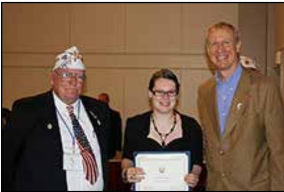
Danielle Dayton Service Foundation
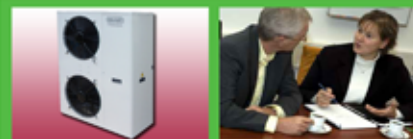
Bespoke systems with quality materials | Realistic advice about the return on your investment

A utumn is my favourite time of year. As soon as the air feels crisp and the whiff of coal and wood smoke permeates the village streets, I know it's time to pull out the woolly jumpers from storage.
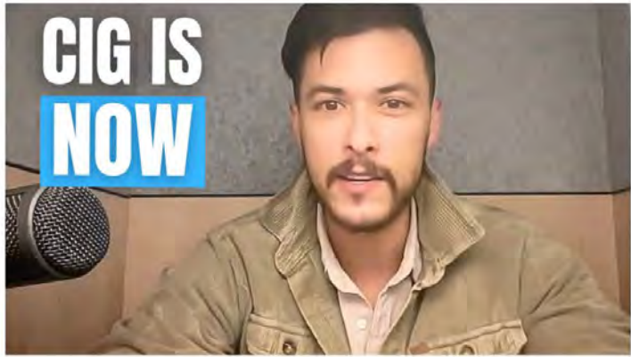
CIG is Now – Not Someday [Ep. 107] Dec 13, 2024
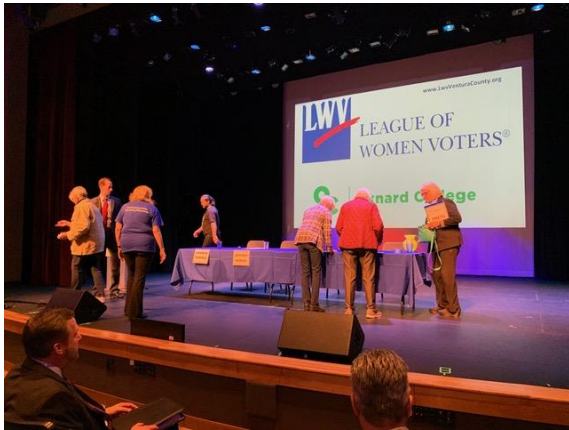
The "roadies" get setup for the forum.
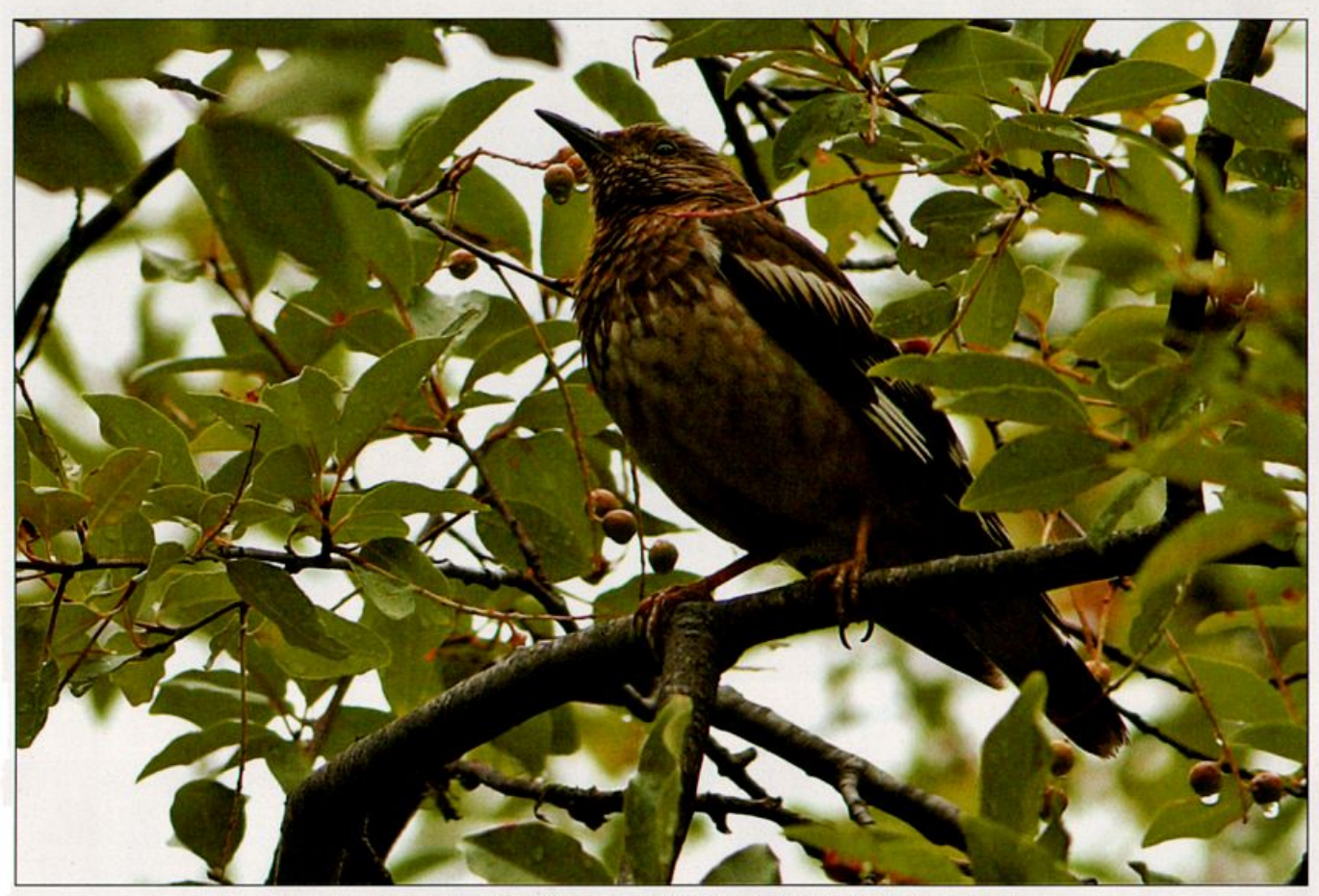
During the second-largest flight of Aztec Thrushes recorded in the United States, this bird was one of three seen at Madera Canyon, Arizona 27 July 2006, and nine had been counted here the day before.

When colleagues and friends return from their Alaskan travels in late June, I relish hearing the tales of birding and socializing, of encounters with big mammals, of heavy low-pressure systems that bring bounties of Siberian birds. In recent years, weather tales have been less than legendary: warmer weather has been the norm, with few big lows moving over from Asia, open seas with little ice, and record-early arrival by nesting species. The signs of global warm-up have seemed to strengthen each spring, at least over the past six years.

## Work request
Please transcribe exactly the lines from the one that contains "A utumn is my" through the closing line of the entries, with no pictures.

## Answer to this exercise
A utumn is my favourite time of year. As soon as the air feels crisp and the whiff of coal and wood smoke permeates the village streets, I know it's time to pull out the woolly jumpers from storage.
CIG is Now – Not Someday [Ep. 107] Dec 13, 2024
The "roadies" get setup for the forum.
During the second-largest flight of Aztec Thrushes recorded in the United States, this bird was one of three seen at Madera Canyon, Arizona 27 July 2006, and nine had been counted here the day before.

When colleagues and friends return from their Alaskan travels in late June, I relish hearing the tales of birding and socializing, of encounters with big mammals, of heavy low-pressure systems that bring bounties of Siberian birds. In recent years, weather tales have been less than legendary: warmer weather has been the norm, with few big lows moving over from Asia, open seas with little ice, and record-early arrival by nesting species. The signs of global warm-up have seemed to strengthen each spring, at least over the past six years.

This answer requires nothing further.